Dataset content:
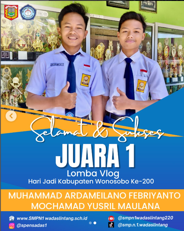 Akhir kata, kami mengucapkan terima kasih atas dukungan semua pihak dalam kemajuan SMP Negeri 1 Wadaslintang. Semoga kehadiran website ini membawa manfaat dan menjadi media sinergi yang positif bagi semua elemen pendidikan.
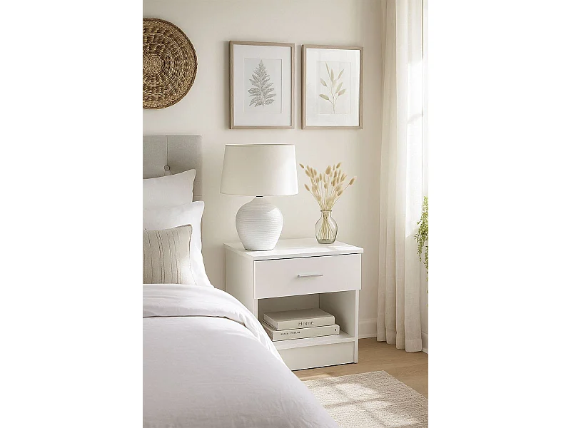 Mesita de noche o auxiliar madera maciza en tono blanco de 45x39cm - FRIDA - DECOWOOD
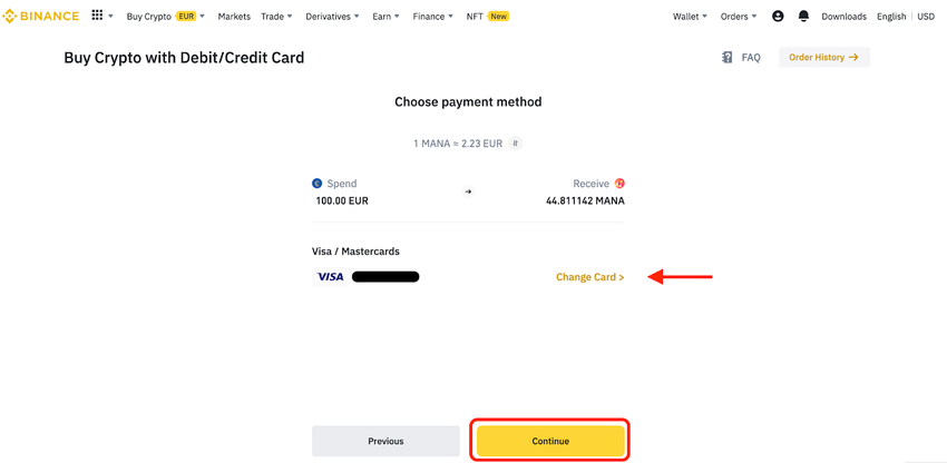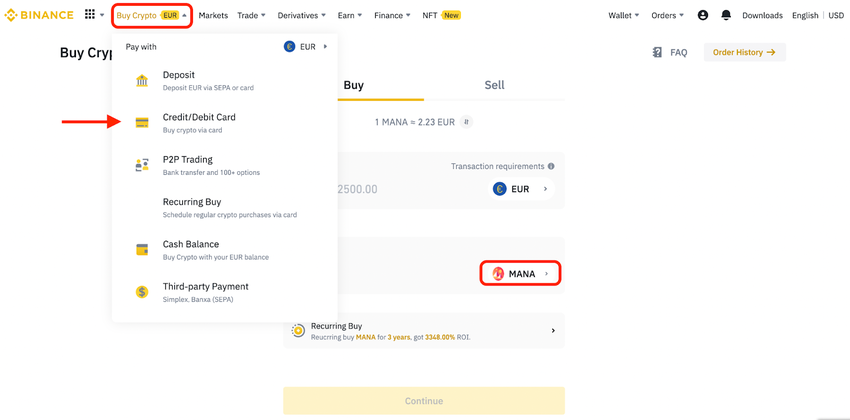 Nachdem dein Konto verifiziert wurde, gehst du zu Krypto kaufen und wählst Kredit-/Debitkarte. Du kannst deine Fiat-Währung und die gewünschte Kryptowährung auswählen. In diesem Fall werden wir uns für den direkten Kauf von MANA entscheiden.
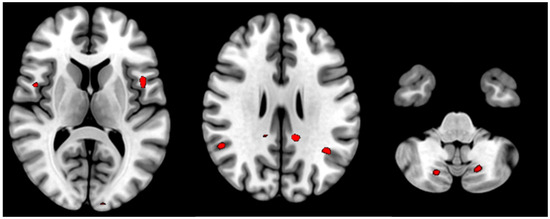 Results of between-group analysis. Clusters of greater activation in patients’ group are shown in red.

Exercise instructions: Where pictures appear, skip them and transcribe all other material word for word.

Written reply:
 Akhir kata, kami mengucapkan terima kasih atas dukungan semua pihak dalam kemajuan SMP Negeri 1 Wadaslintang. Semoga kehadiran website ini membawa manfaat dan menjadi media sinergi yang positif bagi semua elemen pendidikan.
 Mesita de noche o auxiliar madera maciza en tono blanco de 45x39cm - FRIDA - DECOWOOD
 Nachdem dein Konto verifiziert wurde, gehst du zu Krypto kaufen und wählst Kredit-/Debitkarte. Du kannst deine Fiat-Währung und die gewünschte Kryptowährung auswählen. In diesem Fall werden wir uns für den direkten Kauf von MANA entscheiden.
 Results of between-group analysis. Clusters of greater activation in patients’ group are shown in red.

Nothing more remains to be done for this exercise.